ABOUT THIS TASK | Exclude the pictures, then repeat exactly each line from the one containing "Miękki, długi, podwójnie" to the final line of the records that follow.

Records from a data collection |
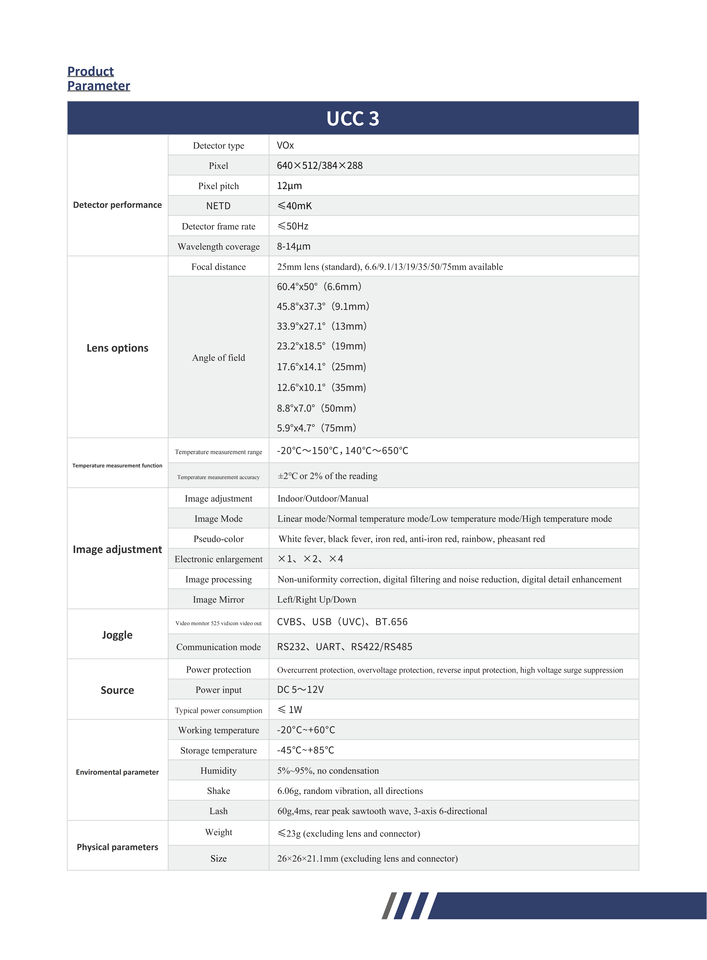 Caméra UCC3 UCC3-Movement pour Drone FPV, Voiture, Bateau, 640x512/384x288 pixels, 12m de portée, Distance focale optionnelle, Détecteur de type VOx, 50Hz
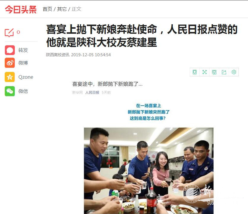 今日头条:喜宴上抛下新娘奔赴使命,人民日报点赞的他就是陕科大校友蔡建星
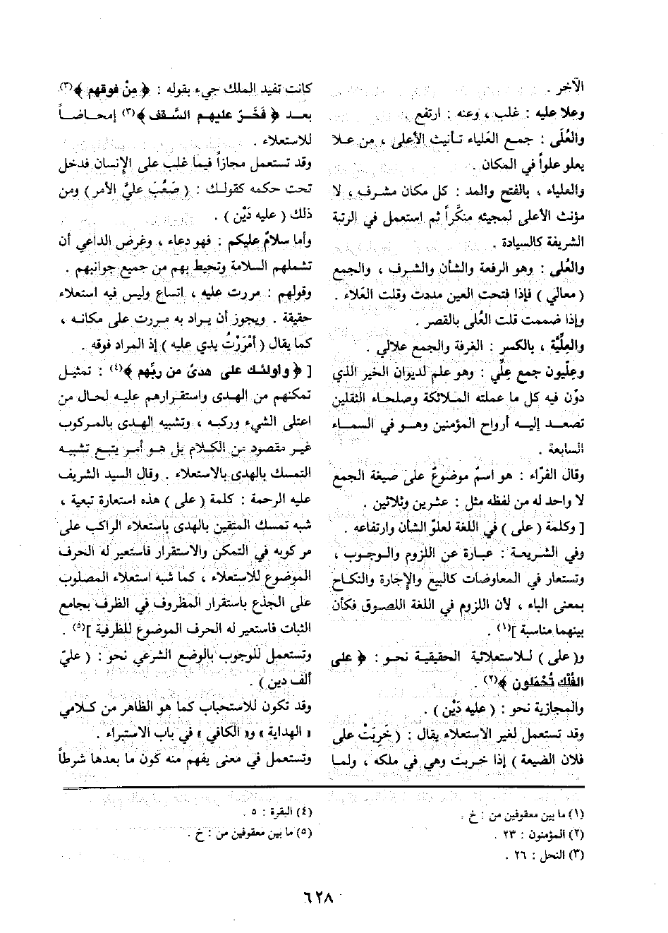 و (على) للاستعلائية الْحَقِيقِيَّة نَحْو: {على الْفلك تحملون}
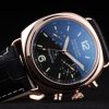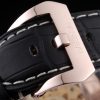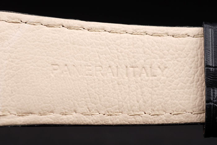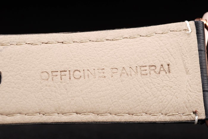 Bracelet: Black crocodile leather strap with white stitching and heat embossed Officine Panerai Replica Italy stamp and 18k rose-gold plated hook-buckle clasp with Panerai Replica engraving
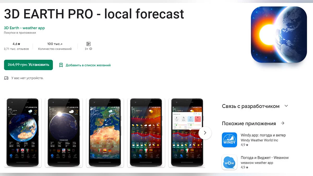- 3D EARTH PRO — local forecast — приложение, в котором пользователь может изучить Землю в трехмерном режиме (загрузить бесплатно);
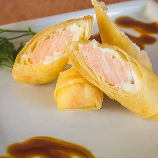3 harumaki salmão 3 harumaki chocolate preto 1 doce de leite
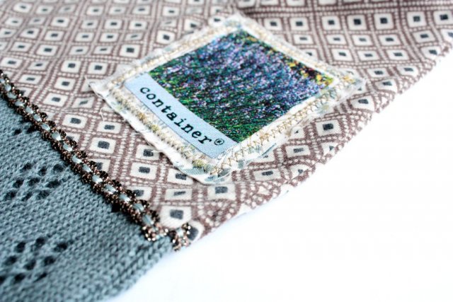 Miękki, długi, podwójnie zszywany szal marki Container. Materiał to prawdopodobnie wiskoza z domieszką akrylu.
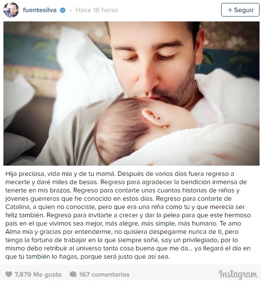 A través de su cuenta de Instagram, fuentes escribió: "Hija preciosa, vida mía y de tu mamá. Después de varios días fuera regreso a mecerte y daré miles de besos. Regreso para agradecer la bendición inmensa de tenerte en mis brazos. Regreso para contarte unas cuantas historias de niños y jóvenes guerreros que he conocido en estos días. Regreso para contarte de Catalina, a quien no conociste, pero que era una niña como tú y que merecía ser feliz también. Regreso para invitarte a crecer y dar la pelea para que este hermoso país en el que vivimos sea mejor, más alegre, más simple, más humano. Te amo Alma mía y gracias por entenderme, no quisiera despegarme nunca de ti, pero tengo la fortuna de trabajar en la que siempre soñé, soy un privilegiado, por lo mismo debo retribuir al universo tanta cosa buena que me da... ya llegará el día en que tú también lo hagas, porque será justo que así sea.

ANSWER TO THIS TASK |
 Miękki, długi, podwójnie zszywany szal marki Container. Materiał to prawdopodobnie wiskoza z domieszką akrylu.
 A través de su cuenta de Instagram, fuentes escribió: "Hija preciosa, vida mía y de tu mamá. Después de varios días fuera regreso a mecerte y daré miles de besos. Regreso para agradecer la bendición inmensa de tenerte en mis brazos. Regreso para contarte unas cuantas historias de niños y jóvenes guerreros que he conocido en estos días. Regreso para contarte de Catalina, a quien no conociste, pero que era una niña como tú y que merecía ser feliz también. Regreso para invitarte a crecer y dar la pelea para que este hermoso país en el que vivimos sea mejor, más alegre, más simple, más humano. Te amo Alma mía y gracias por entenderme, no quisiera despegarme nunca de ti, pero tengo la fortuna de trabajar en la que siempre soñé, soy un privilegiado, por lo mismo debo retribuir al universo tanta cosa buena que me da... ya llegará el día en que tú también lo hagas, porque será justo que así sea.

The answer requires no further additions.